Exercise instructions
Return only the lines of the data below from the line with "Duet 03 by Foxy" up to and including the line with "Retweet for your", exactly as written, with the pictures omitted.

Input data
§
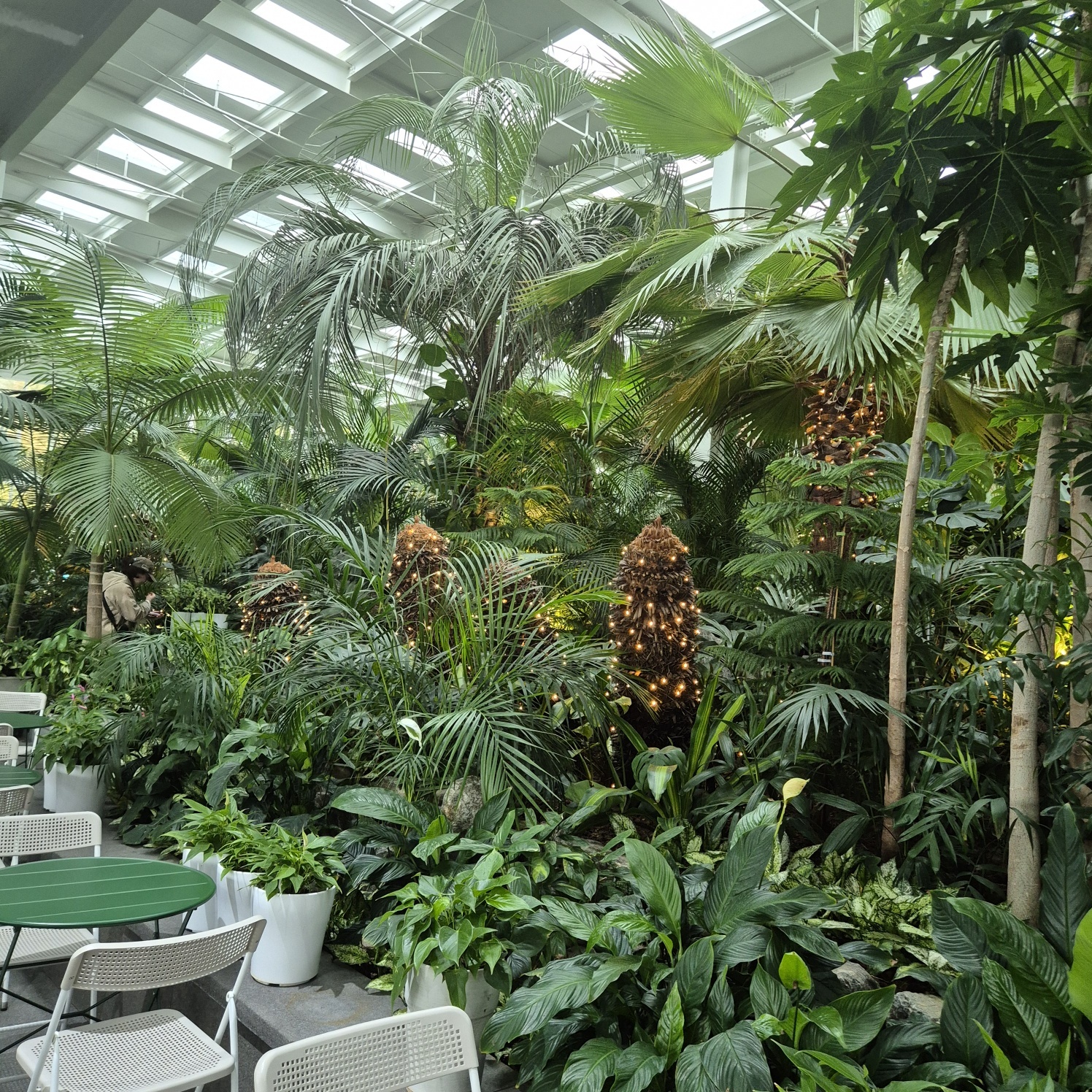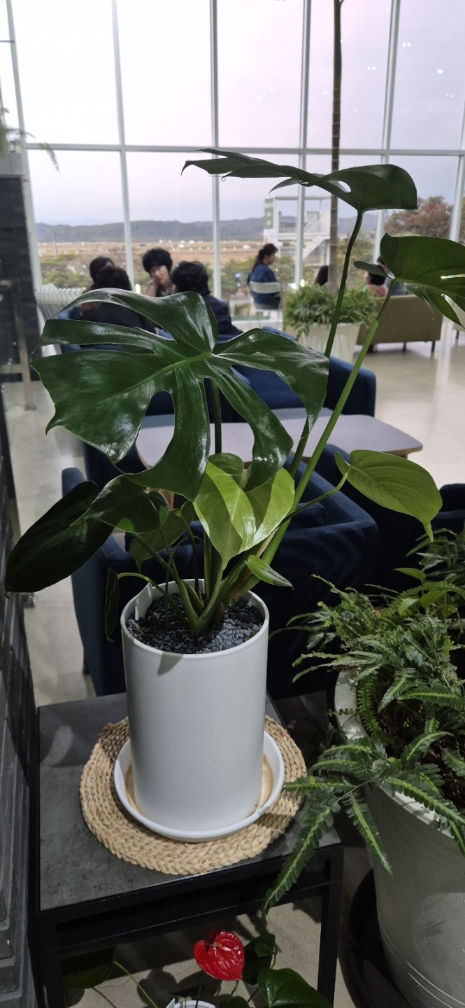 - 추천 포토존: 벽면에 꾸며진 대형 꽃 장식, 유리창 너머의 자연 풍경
§
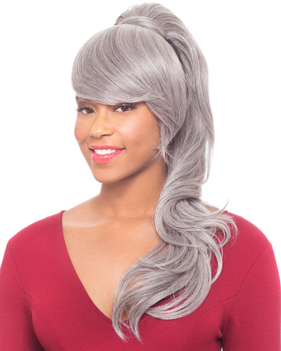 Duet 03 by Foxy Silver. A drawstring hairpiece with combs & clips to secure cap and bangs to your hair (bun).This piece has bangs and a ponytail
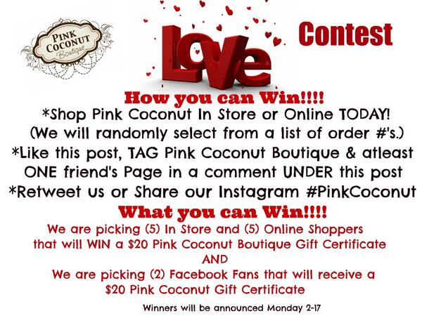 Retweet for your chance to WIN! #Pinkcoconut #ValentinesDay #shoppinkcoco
§
Solution to the problem
 Duet 03 by Foxy Silver. A drawstring hairpiece with combs & clips to secure cap and bangs to your hair (bun).This piece has bangs and a ponytail
 Retweet for your chance to WIN! #Pinkcoconut #ValentinesDay #shoppinkcoco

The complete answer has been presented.